▸ **TASK TO COMPLETE**
Pictures stay out of the output. Return exactly the lines below from the one with "History chapter 1" down to the one with "Polín Et Moi", both included, and nothing more.

▸ **INFORMATION**
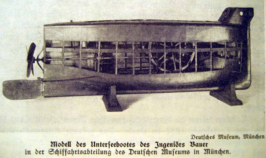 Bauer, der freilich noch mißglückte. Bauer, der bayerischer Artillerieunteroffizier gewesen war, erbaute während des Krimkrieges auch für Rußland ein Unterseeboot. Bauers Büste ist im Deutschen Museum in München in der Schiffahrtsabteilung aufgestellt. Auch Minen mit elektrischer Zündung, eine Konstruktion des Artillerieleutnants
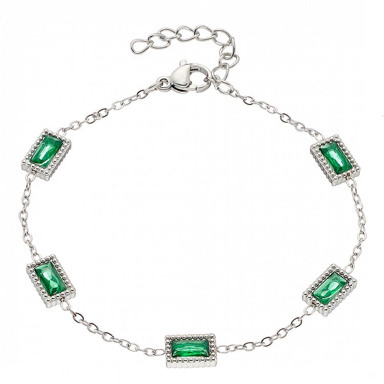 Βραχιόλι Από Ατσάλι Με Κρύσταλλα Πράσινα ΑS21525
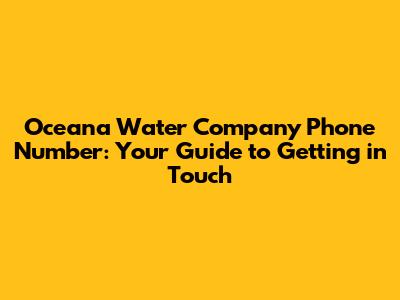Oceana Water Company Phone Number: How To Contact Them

...

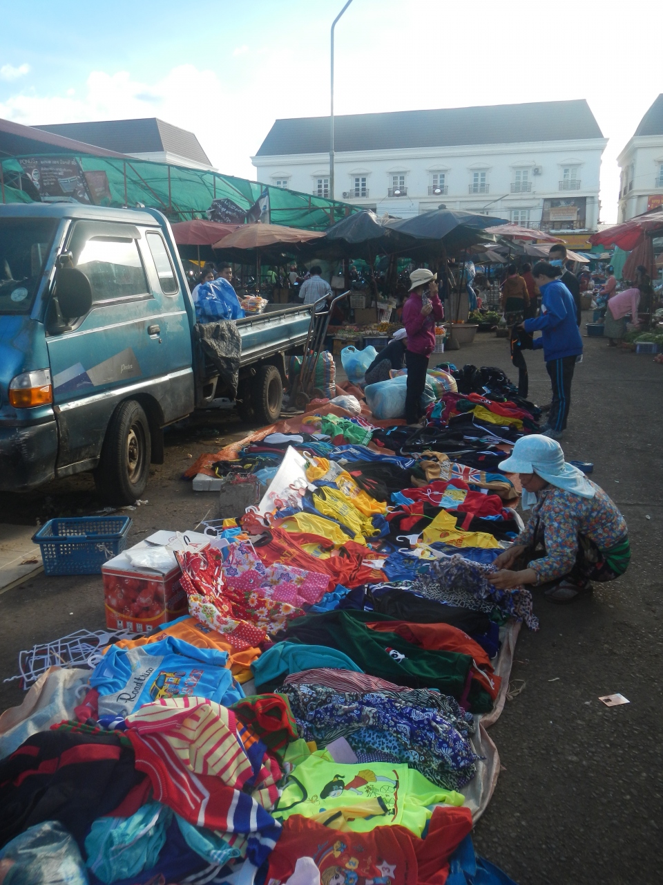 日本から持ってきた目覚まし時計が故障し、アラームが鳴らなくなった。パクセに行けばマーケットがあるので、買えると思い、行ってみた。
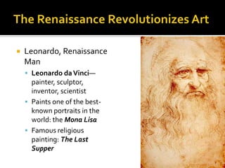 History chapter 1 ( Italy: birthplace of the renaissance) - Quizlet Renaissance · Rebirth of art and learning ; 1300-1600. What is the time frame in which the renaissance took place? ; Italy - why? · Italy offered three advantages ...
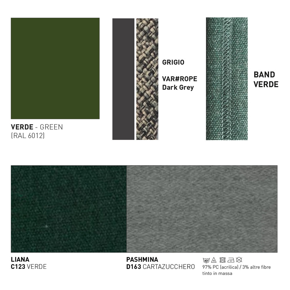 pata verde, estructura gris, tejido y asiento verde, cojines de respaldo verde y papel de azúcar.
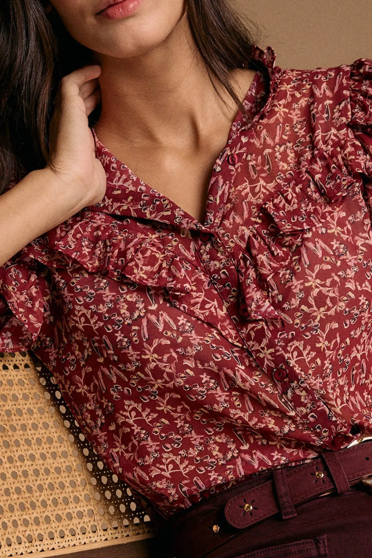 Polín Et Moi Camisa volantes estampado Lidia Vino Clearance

▸ **TASK RESPONSE**
 History chapter 1 ( Italy: birthplace of the renaissance) - Quizlet Renaissance · Rebirth of art and learning ; 1300-1600. What is the time frame in which the renaissance took place? ; Italy - why? · Italy offered three advantages ...
 pata verde, estructura gris, tejido y asiento verde, cojines de respaldo verde y papel de azúcar.
 Polín Et Moi Camisa volantes estampado Lidia Vino Clearance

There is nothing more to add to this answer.